> **PROBLEM DETAILS**: Return the run of lines below that opens with the line containing "Penticton attracts top" and closes with the line containing "HOLIDAY GOODIES —For", keeping each one exact.

> **PROVIDED ENTRIES**:

**********

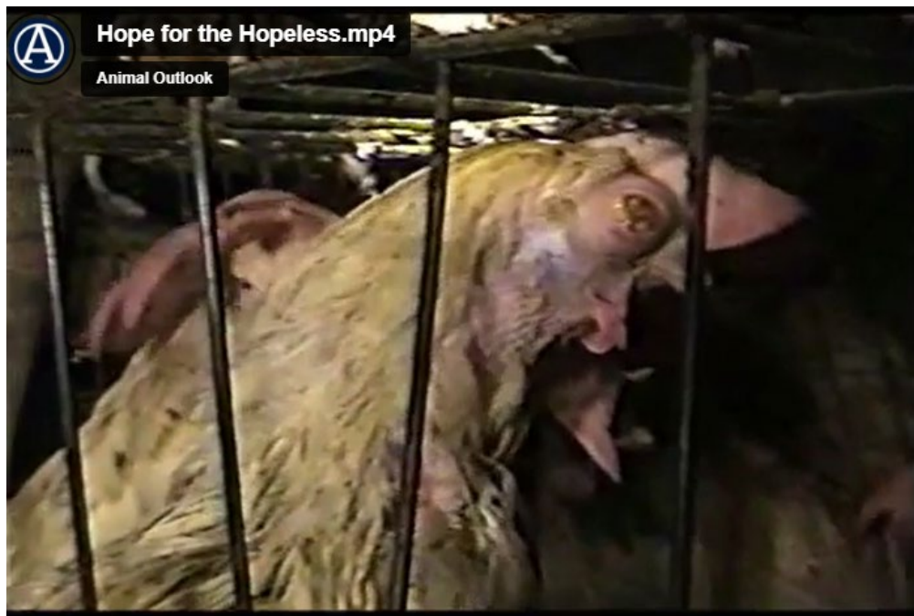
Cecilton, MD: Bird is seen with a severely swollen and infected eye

**********

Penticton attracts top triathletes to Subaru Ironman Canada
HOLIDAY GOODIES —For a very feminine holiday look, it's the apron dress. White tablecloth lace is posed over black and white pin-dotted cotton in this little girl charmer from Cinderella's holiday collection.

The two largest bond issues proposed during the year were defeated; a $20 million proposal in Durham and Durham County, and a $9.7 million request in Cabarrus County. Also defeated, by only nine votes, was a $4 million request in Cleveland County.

**********

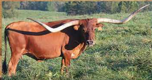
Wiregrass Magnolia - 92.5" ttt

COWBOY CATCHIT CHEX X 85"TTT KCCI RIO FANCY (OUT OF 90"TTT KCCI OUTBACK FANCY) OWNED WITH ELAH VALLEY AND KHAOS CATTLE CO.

**********

> **SOLUTION TO THIS PROBLEM**:
Penticton attracts top triathletes to Subaru Ironman Canada
HOLIDAY GOODIES —For a very feminine holiday look, it's the apron dress. White tablecloth lace is posed over black and white pin-dotted cotton in this little girl charmer from Cinderella's holiday collection.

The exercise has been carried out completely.